RD Sharma Solutions Class 7 Integers Exercise 1.4

RD Sharma Class 7 Solutions Chapter 1 Ex 1.4 PDF Free Download

RD Sharma Solutions Class 7 Chapter 1 Exercise 1.4

Exercise 1.4

Simplify each of the following:

(i) \(3-(5-6\div 3)\)

Solution:

\(3-(5-6\div 3)\)

= 3 – (5 – 2)

= 3 – 3

= 0

(ii) \(-25+14\div (5-3)\)

Solution:

\(-25+14\div (5-3)\) = \(-25+14\div (2)\)

= \(-25+\frac{14}{2}\)

= –25 + 7

= –18

(iii) \(25-\frac{1}{2}(5+4-(3+2-\overline{1+3}))\)

Solution:

\(25-\frac{1}{2}[5+4-(3+2-\overline{1+3})]\)

= \(25-\frac{1}{2}[5+4-(5-4)]\)

= \(25-\frac{1}{2}[5+4-1]\)

= \(25-\frac{1}{2}[8]\)

= 25 – 4

= 21

(iv) \(27-[38-(46-(15-\overline {13-2}))]\)

Solution:

\(27-[38-(46-(15-\overline {13-2}))]\)

= \(27-[38-(46-(15-11))]\)

= 27 – [38 – (46 – 4)]

= 27 – [38 – 42]

= 27 – [–4]

= 27 + 4

= 31

(v)  36−[18−(14−(15−4÷2×2))]

Solution:

36−[18−(14−(15−4÷2×2))]

= 36−[18−(14−(15 – 2×2))]

= 36−[18−(14−(15 – 4))]

= 36 – [18 – (14 – 11)]

= 36 – [18 – 3]

= 36 – 15

= 21

(vi) \(45-[38-(60\div 3-(6-9\div 3)\div 3)]\)

Solution:

\(45-[38-(60\div 3-(6-9\div 3)\div 3)]\)

= \(45-[38-(20-(6-3)\div 3)]\)

= \(45-[38-(20-3\div 3)]\)

= 45 – [38 – (20 – 1)]

= 45 – [38 – 19]

= 45 – [19]

= 26

(vii) \(23-[23-(23-(23-\overline{23-23}))]\)

Solution:

\(23-[23-(23-(23-\overline{23-23}))]\)

= 23 – [23 – (23 – (23 – 0))]

= 23 – [23 – (23 – 23)]

= 23 – [23 – 0]

= 23 – 23

= 0

(viii) \(2550-[510-(270-(90-\overline{80+70}))]\)

Solution:

\(2550-[510-(270-(90-\overline{80+70}))]\)
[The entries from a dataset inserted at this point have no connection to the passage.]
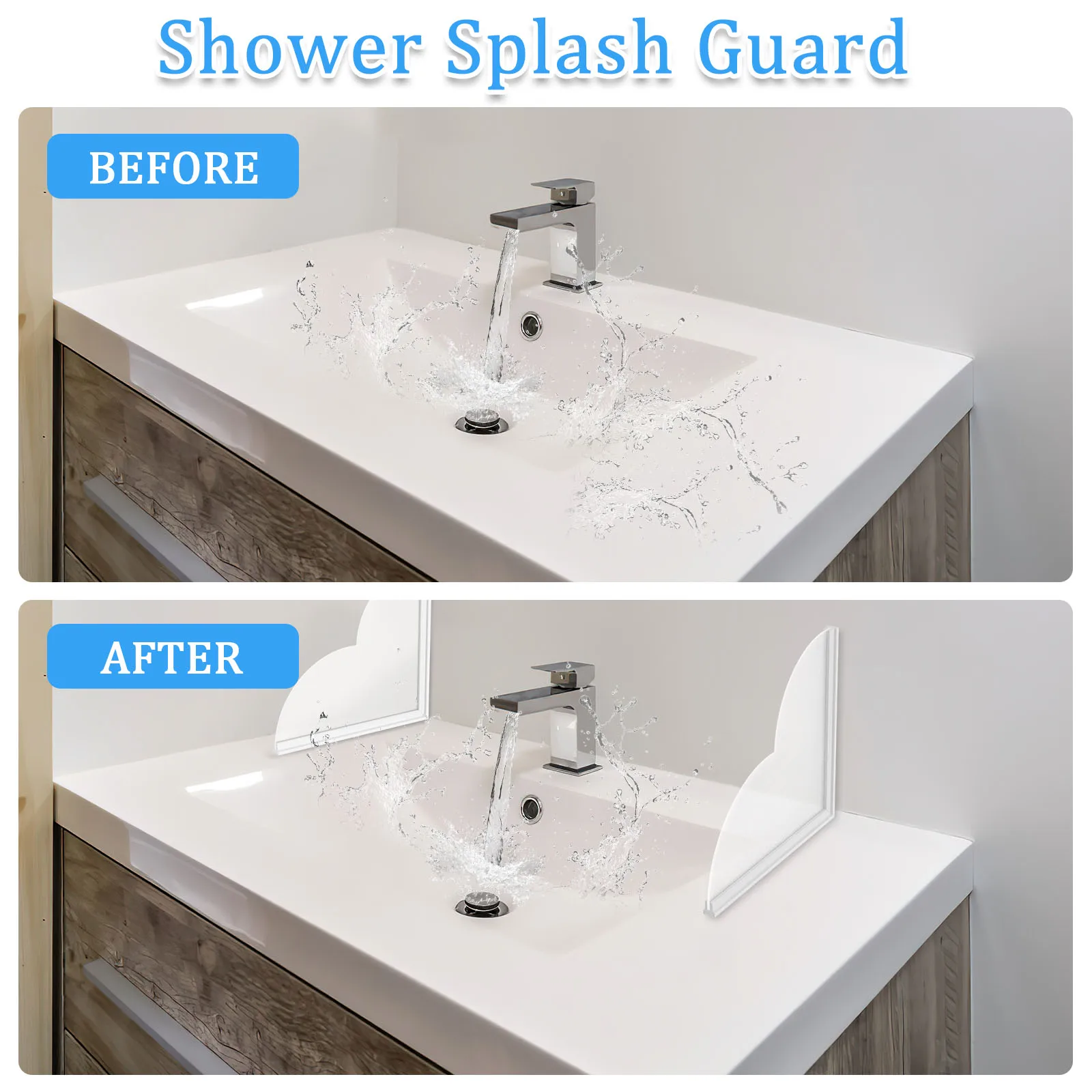 [Matériau de qualité] Ce garde-eau de douche est en panneau acrylique givré incurvé de haute qualité et base en silicone blanc, la base en silicone peut être fendrée pour s’adapter aux coins non-angle droit, l’effet visuel givré translucide ajoute un sens de la transparence au bain.
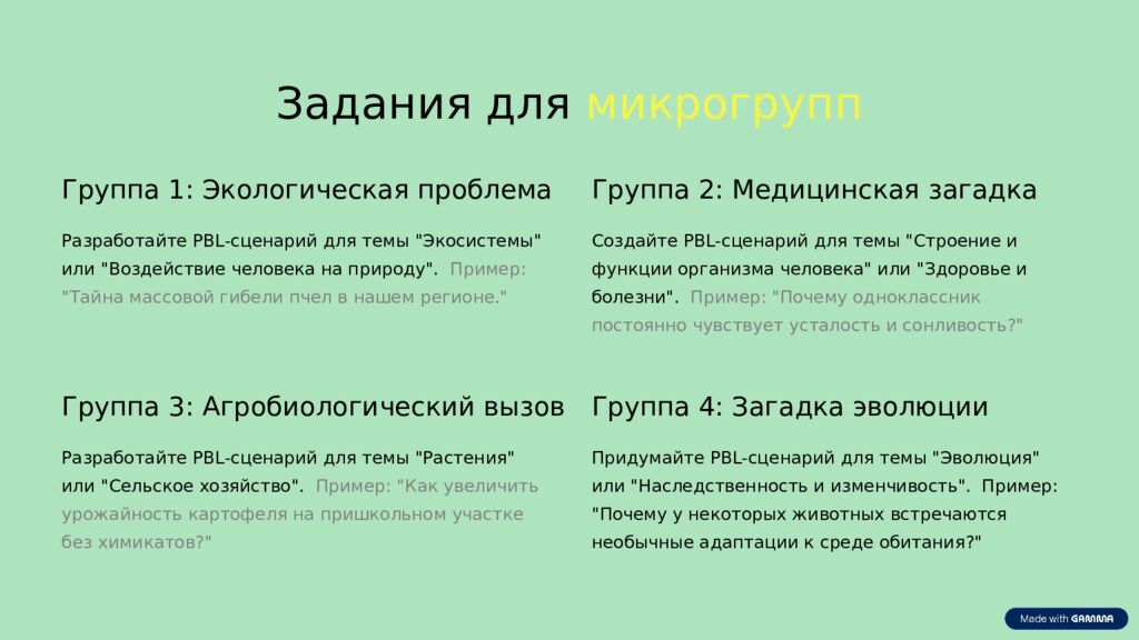 Задания для микрогрупп Группа 1: Экологическая проблема Разработайте PBL-сценарий для темы "Экосистемы" или "Воздействие человека на природу". Пример: "Тайна массовой гибели пчел в нашем регионе." Группа 2: Медицинская загадка Создайте PBL-сценарий для темы "Строение и функции организма человека" или "Здоровье и болезни". Пример: "Почему одноклассник постоянно чувствует усталость и сонливость?" Группа 3: Агробиологический вызов Разработайте PBL-сценарий для темы "Растения" или "Сельское хозяйство". Пример: "Как увеличить урожайность картофеля на пришкольном участке без химикатов?" Группа 4: Загадка эволюции Придумайте PBL-сценарий для темы "Эволюция" или "Наследственность и изменчивость". Пример: "Почему у некоторых животных встречаются необычные адаптации к среде обитания?"
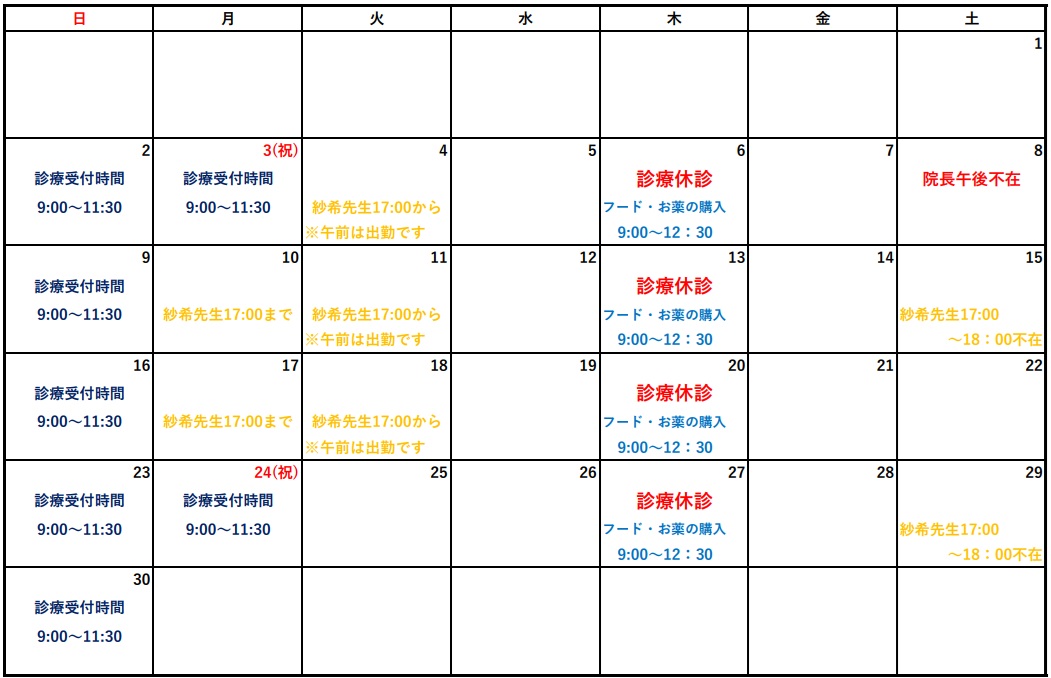 ※診療休診日のフードの購入・継続的なお薬の処方は「木曜日9:00~12:30」で対応させていただいております。
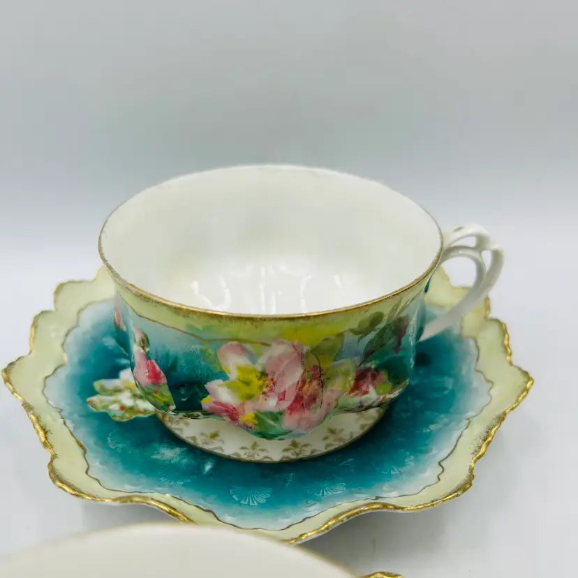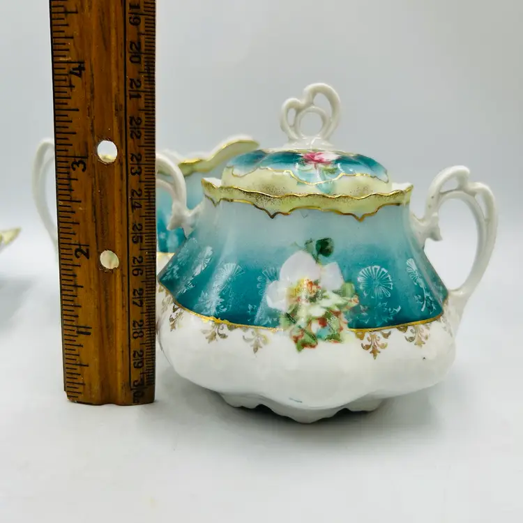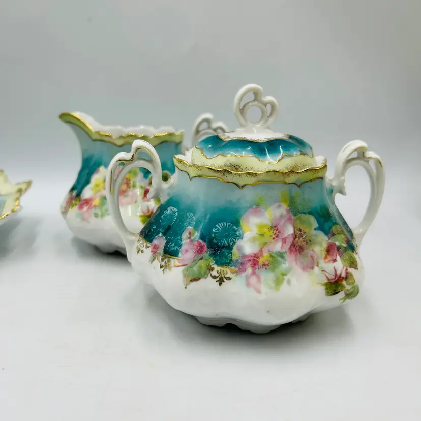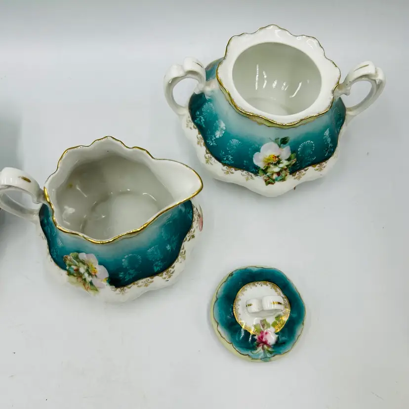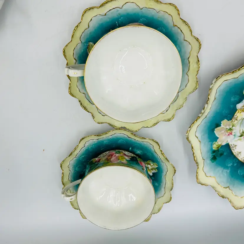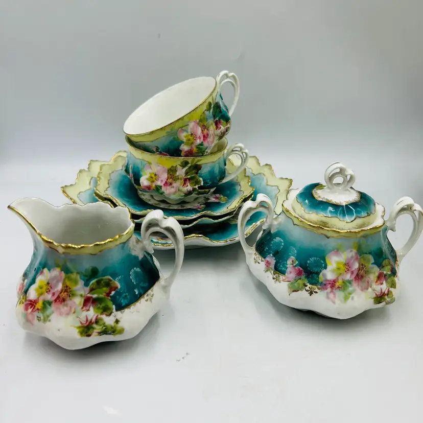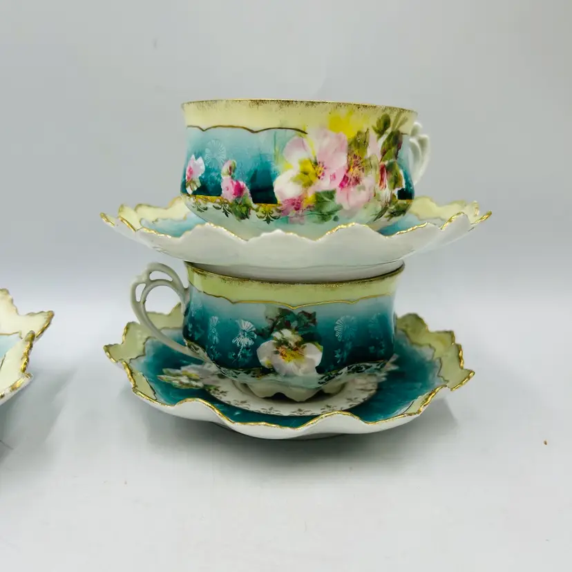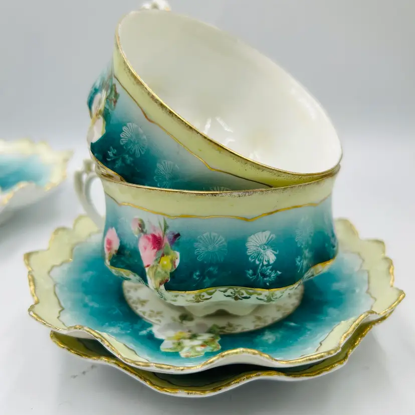 2 cups and saucers, sugar and creamer, and a dessert plate
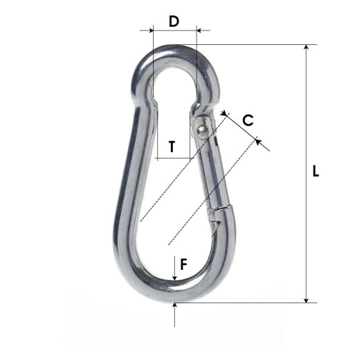 Carabina zincate cu clapeta. F = 8 mm C= 10 mm T = 10 mm D = 12 mm L = 80 mm
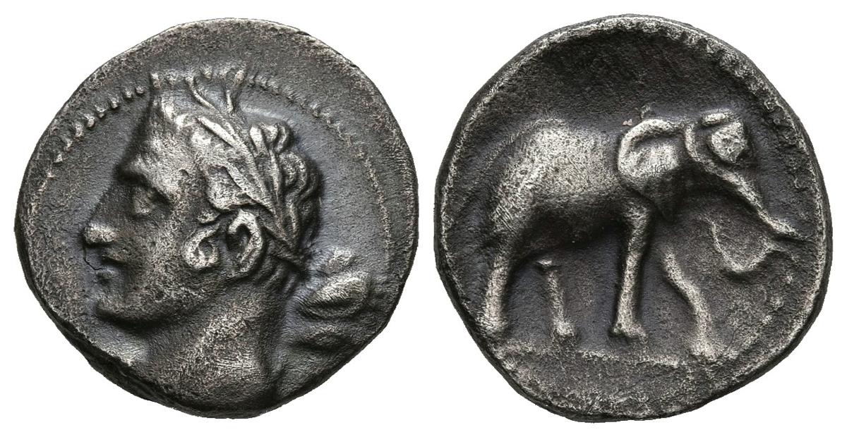 CARTAGONOVA (Cartagena, Murcia). 1/4 Shekel. (Ar. 1,74g/14mm). 235-220 a.C. (FAB-487). Anv: Cabeza de Melkart-Heracles laureada a izquierda con clava. Rev: Elefante a derecha. MBC+. Pátina. Escaso ejemplar, y más así.
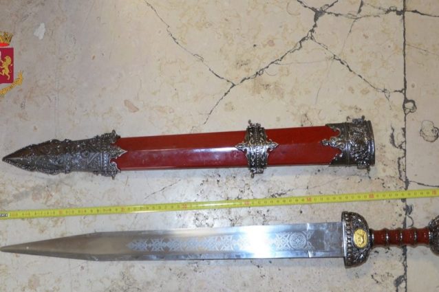 Una donna di 39 anni arrestata a Pompei: prima ha lanciato acqua bollente dalla finestra, poi ha aggredito i poliziotti con una daga romana da 55 centimetri.
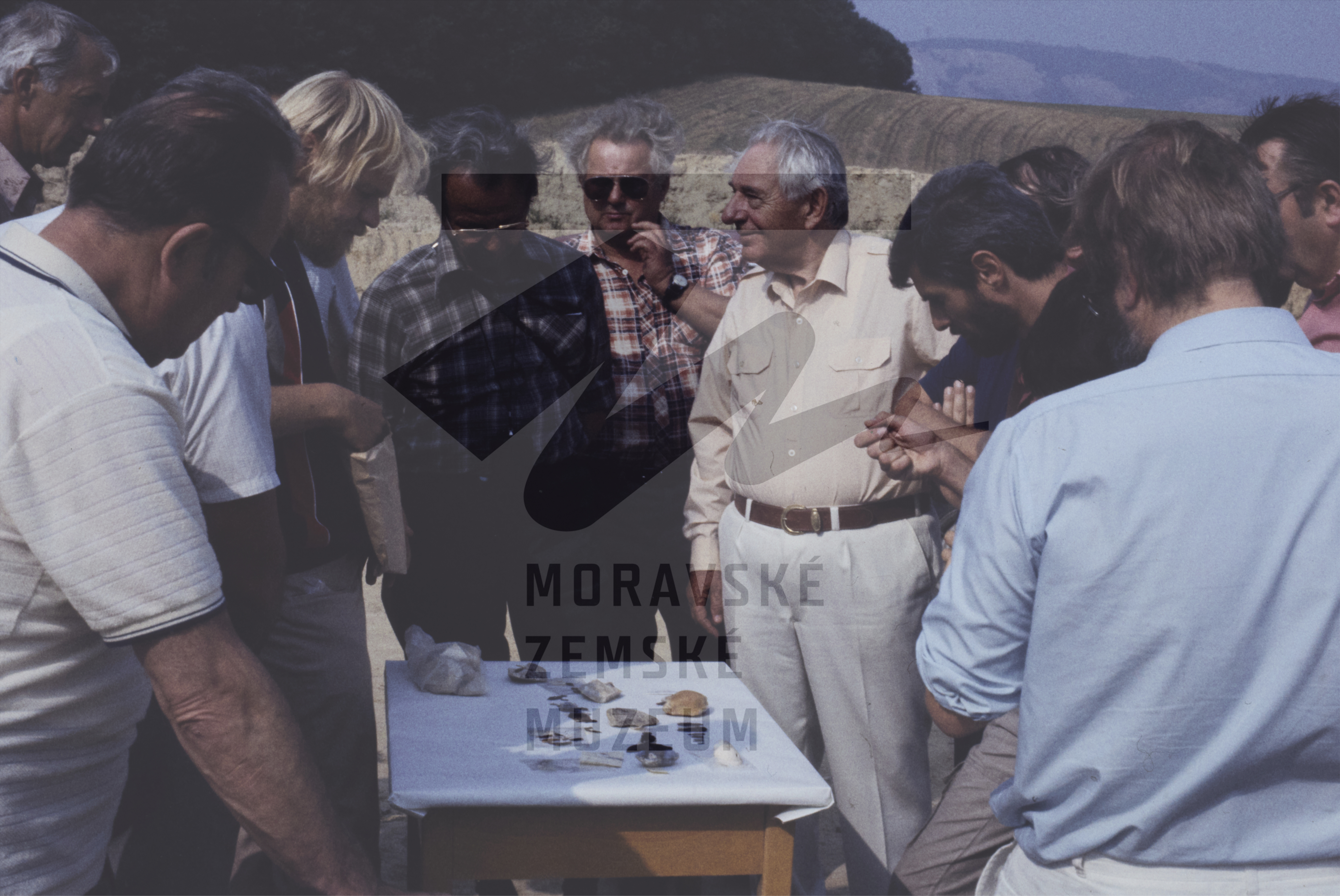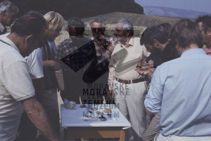 Odborná komise, prohlídka nálezů. Zleva Ondruš, V. Gebauer (s brýlemi), M. Oliva, K. Valoch (s brýlemi v tmavé košili), J. Poulík (světlá košile), J. Svoboda (tmavý plnovous).
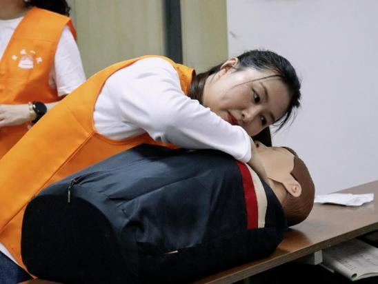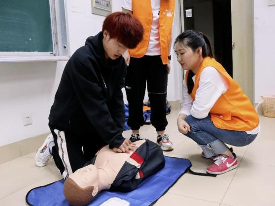 讲座采用理论知识讲解加观看视频的方式,科普小视频对心肺复苏、海姆立克急救法进行了系统讲解。现场医护人员使用假人模具展开急救模拟,提醒同学遇到周围人员心脏骤停、异物堵塞气管等突发情况要保持冷静判断情况,并拨打120,在救护车来之前把握黄金急救时间尽快展开急救。
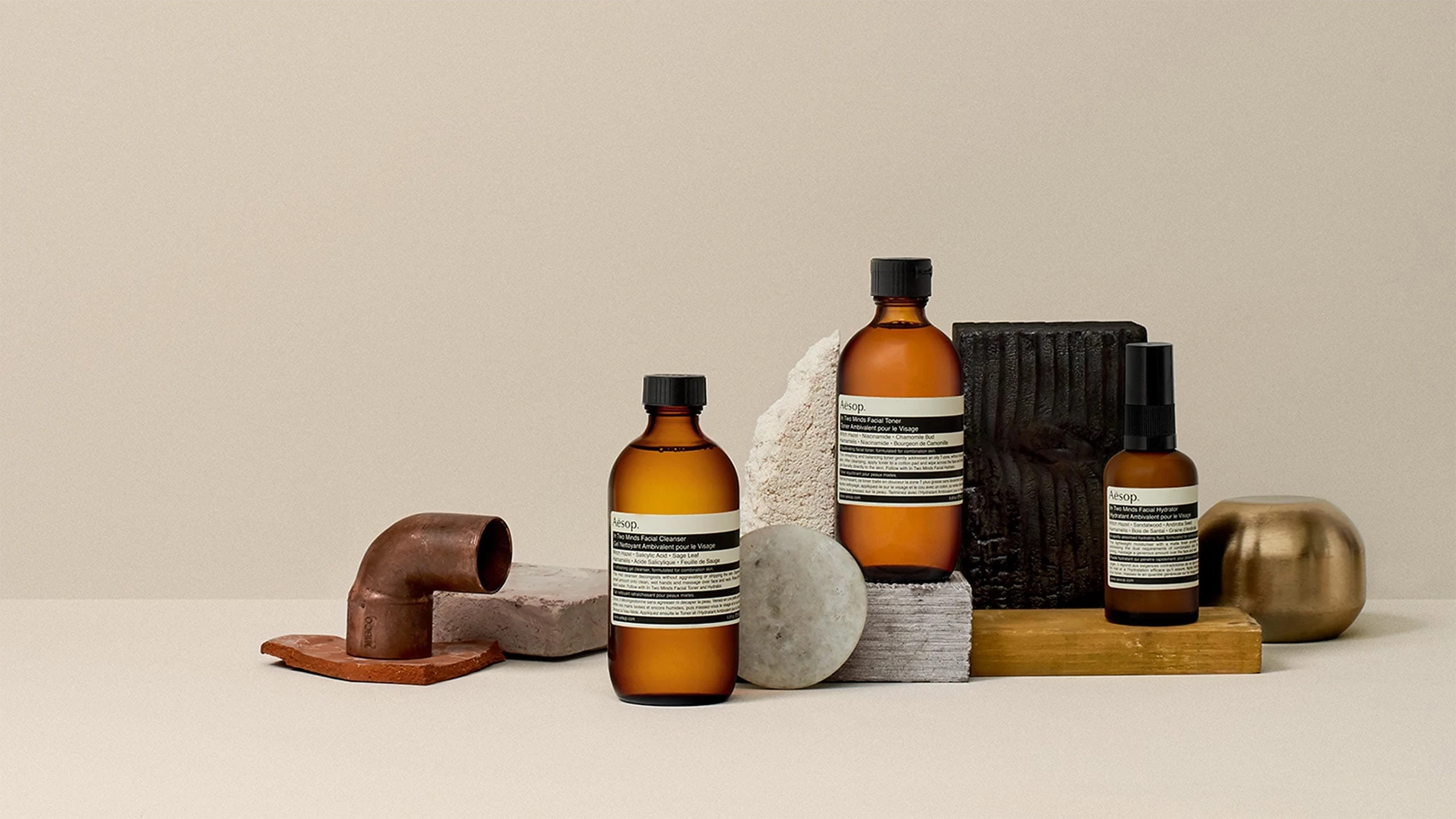 Aesop, la marque australienne de cosmétiques, a fait le choix inverse de toute l'industrie beauté. Pas de peaux parfaites, pas de modèles souriants, pas d'images qui font rêver à une vie meilleure. Des compositions sobres, des textures, des architectures, une lumière neutre. Ce traitement traduit un positionnement sur l'intelligence et la discrétion. Le produit est là. Il n'est pas mis en scène.
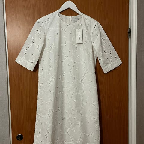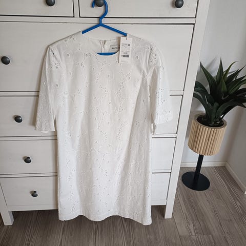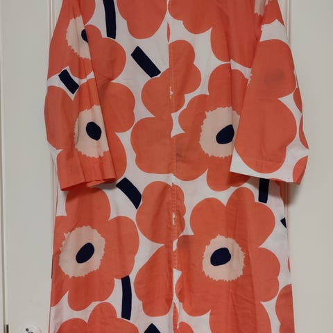 Kaksissa juhlissa päällä ollut kaunis mekko. Takana vetoketju. Ryppyinen, mutta muutoin oikein siisti.
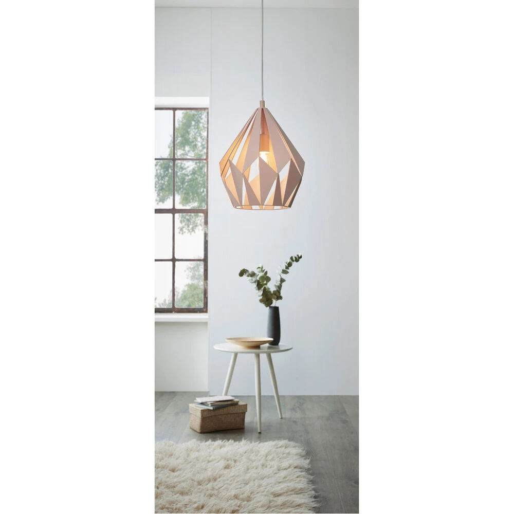 Eglo’s Carlton-P Pendant is ornamental in style. This 1-light pendant features a apricot-finished geometric shade . The artistic elongated design lends it a vintage appearance and ambient feel that will surely rub off on the interior decor of the room.
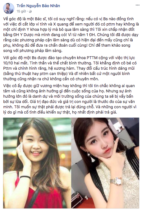 Anh khẳng định với góc độ một bác sĩ được đào tạo chuyên khoa phẫu thuật thẩm mỹ cộng với việc thị lực 10/10 hai mắt, tinh thần và thể chất bình thường thì “cô bé có phẫu thuật thẩm mỹ và chỉnh hình răng, hệ xương hàm. Thay đổi cấu trúc hình dáng mũi (bằng thủ thuật hay phẫu thuật thẩm mỹ can thiệp) và dĩ nhiên bất cứ một người bình thường cũng nhận ra chứ không cần có chuyên môn”.
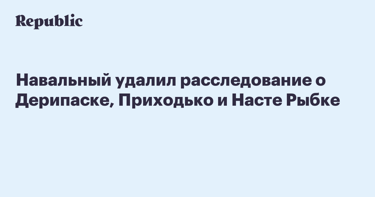 Навальный удалил расследование о Дерипаске, Приходько и Насте Рыбке
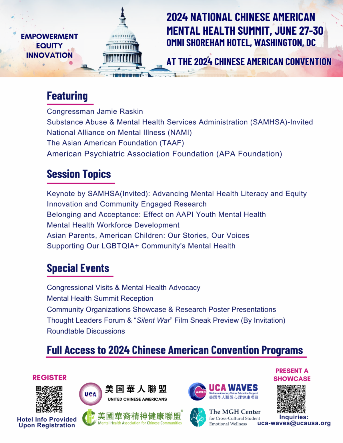 This is a rare opportunity for Chinese community organizations, AAPI youth groups, and Chinese mental health organizations to showcase their work, achievements, and events on a national platform, expanding their influence, attracting resources, and seeking growth.
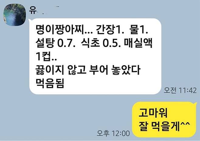 "알았어. 내가 여러 번 담가 보고 알게 된 황금 비율 톡으로 보내줄게."

= 2550 – [510 – (270 – (90 – 150))]

= 2550 – [510 – (270 – (–60))]

= 2550 – [510 – 330]

= 2550 – [180]

= 2550 – 180

= 2370

(ix) \(4+\frac{1}{5}[(-10\times (25-\overline{13-3}))\div (-5)]\)

Solution:

\(4+\frac{1}{5}[(-10\times (25-\overline{13-3}))\div (-5)]\)

= \(4+\frac{1}{5}[(-10\times (25-10))\div (-5)]\)

= \(4+\frac{1}{5}[(-10\times (15))\div (-5)]\)

= \(4+\frac{1}{5}[(-150)\div (-5)]\)

= \(4+\frac{1}{5}[30]\)

= 4 + 6

= 10

(x) \(22-\frac{1}{4}(-5-(-48)\div (-16))\)

Solution:

\(22-\frac{1}{4}(-5-(-48)\div (-16))\)

= \(22-\frac{1}{4}(-5-(\frac{-48}{-16}))\)

= \(22-\frac{1}{4}(-5-\frac{48}{16})\)

= \(22-\frac{1}{4}(-5-3)\)

= \(22-\frac{1}{4}(-8)\)

= \(22+\frac{8}{4}\)

= 22 + 2

= 24

(xi) \(63-[(-3)(-2-\overline{8-3})]\div [3(5+(-2)(-1))]\)

Solution:

\(63-[(-3)(-2-\overline{8-3})]\div [3(5+(-2)(-1))]\)

= \(63-[(-3)(-2-5)]\div [3(5+2)]\)

= \(63-[(-3)(-7)]\div [3(7)]\)

= \(63-(21)\div (21)\)

= 63 – 1

= 62

(xii) \([29-(-2)(6-(7-3))]\div [3\times (5+(-3)\times (-2))]\)

Solution:

\([29-(-2)(6-(7-3))]\div [3\times (5+(-3)\times (-2))]\)

= \([29-(-2)(6-4)]\div [3\times (5+(3\times 2))]\)

= \([29-(-2)(2)]\div [3\times (5+6)]\)

= \([29+4]\div [3\times 11]\)

= \((33)\div (33)\)

= 1

(13) Using brackets, write a mathematical expression for each of the following:

(i) Nine multiplied by the sum of two and five.

(ii) Twelve divided by the sum of one and three.

(iii) Twenty divided by the difference of seven and two.

(iv) Eight subtracted from the product of two and three.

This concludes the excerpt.